Goldman Sachs says the US-Iran conflict has pushed UK equities to near-recessionary valuations, with FTSE 250 multiples now consistent with zero or slightly negative activity and UK Q4/Q4 GDP growth cut to 0.6% from 1.5%. The brokerage expects Strait of Hormuz energy flows to recover over the weekend and Persian Gulf exports to normalize over one month, while trimming Q2 Brent to $90 and forecasting the UK 10-year gilt yield to fall from 4.8% to 4.4% over 12 months. FTSE 100 ended at 10,603 and Goldman’s 12-month target is 10,800, with higher inflation and defensive positioning still a key theme.

Analysis

The key market inefficiency is that the immediate winners and losers are not the obvious energy names, but the duration-sensitive domestic UK assets already pricing a recessionary shock without yet seeing the second-round inflation impulse. If energy stays elevated for even 4-8 weeks, the hit to real incomes and retail volumes arrives before the growth downgrade fully works through earnings, which means the lagging losers are UK discretionary, homebuilders, and rate-sensitive small caps rather than broad defensives. Conversely, the FTSE 100 is unusually insulated because its sector mix skews to defensives and energy; that creates a relative-value bid even if UK macro deteriorates further.

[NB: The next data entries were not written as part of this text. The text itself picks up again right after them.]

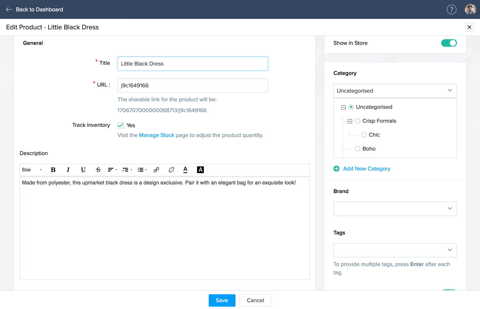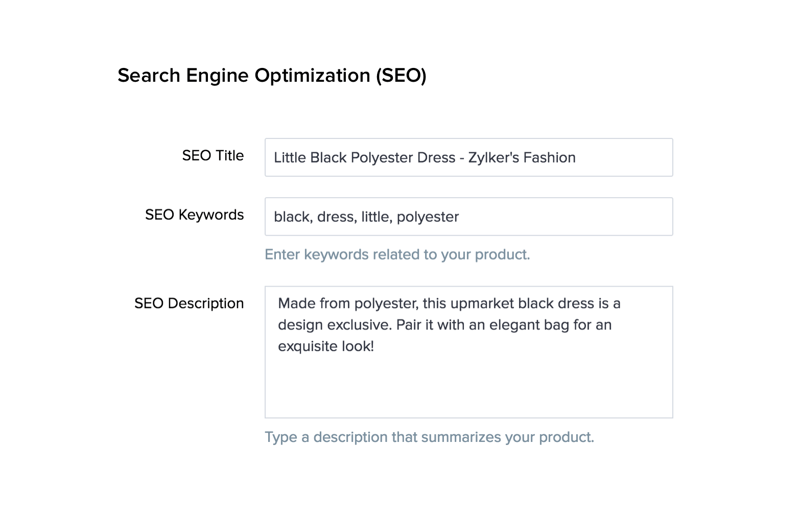 追加したすべての商品で、SEOセクションを活用し、検索エンジンのパフォーマンスを向上させます。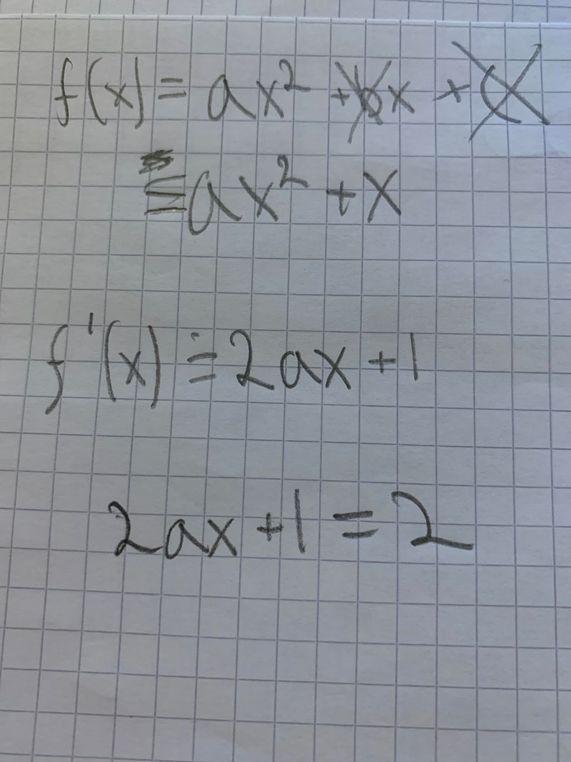 Vi vill således hitta ett x för viket derivatan till andragradsfunktionen är 2, dvs
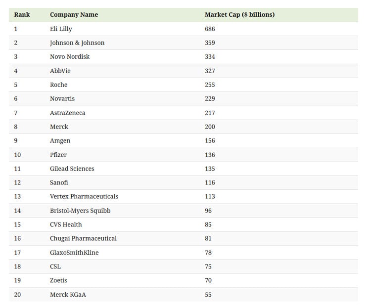 Υπάρχουν δύο άλλες εταιρείες με κεφαλαιοποίηση αγοράς άνω των 300 δισεκατομμυρίων δολαρίων: η Novo Nordisk με 334 δισ. δολ. και η AbbVie με 327 δισ. δολ.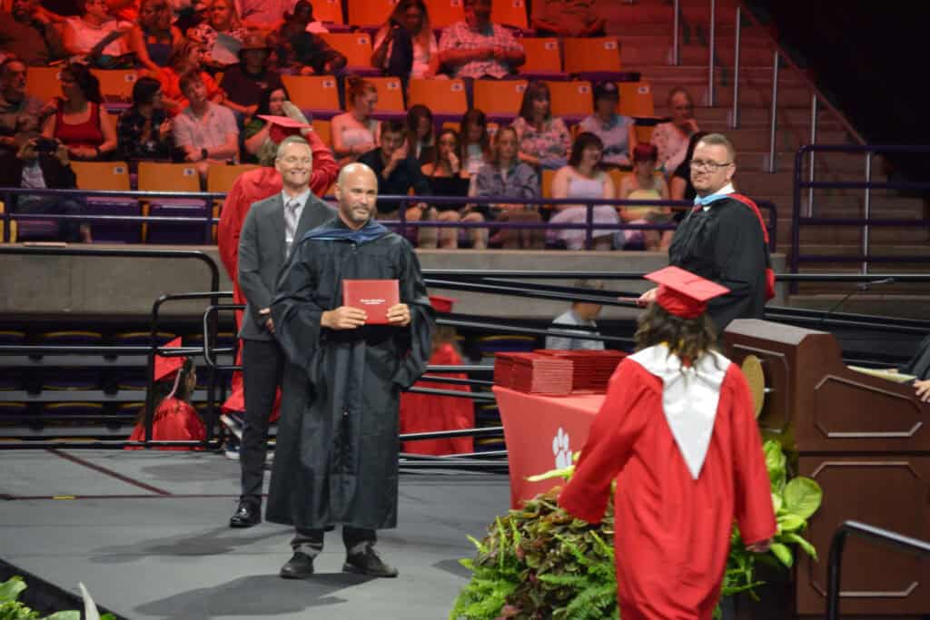BARTRAM ACADEMY Principal Brian Moffitt poses with graduate Jared Thompson.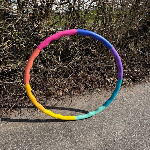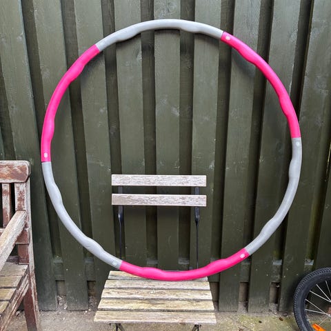 Hulahopring i plast i farverne pink og grå. Ringen består af sektioner, der samles til en cirkel. Velegnet til træning, leg og motion for både børn og voksne, afhængigt af størrelse og brugerens behov. Perfekt stand. Kan sendes mod at køber betaler portoen.

The more interesting second-order trade is in rates. If markets have already marked down growth but not fully priced a persistence of inflation via energy pass-through, gilts can initially sell off on inflation data even while the medium-term growth path weakens. That sets up a two-stage path: near-term volatility higher in the front end, but 10-year yields likely grind lower as hard data confirm weaker domestic demand and mortgage/rent transmission cools inflation after the initial shock. The cleanest catalyst for the bull case in gilts is not a geopolitical de-escalation alone, but evidence that services inflation and retail volumes are rolling over together. The contrarian view is that the discount in UK cyclicals may be close to a value trap if the conflict normalizes quickly and energy retraces, because the domestic earnings revisions lag the equity reset by a quarter or more. That means the best relative expression is not outright long UK domestics, but hedged exposure versus exporters or defensives. In short, the market is likely underpricing the near-term inflation shock and overpricing the permanence of the growth shock.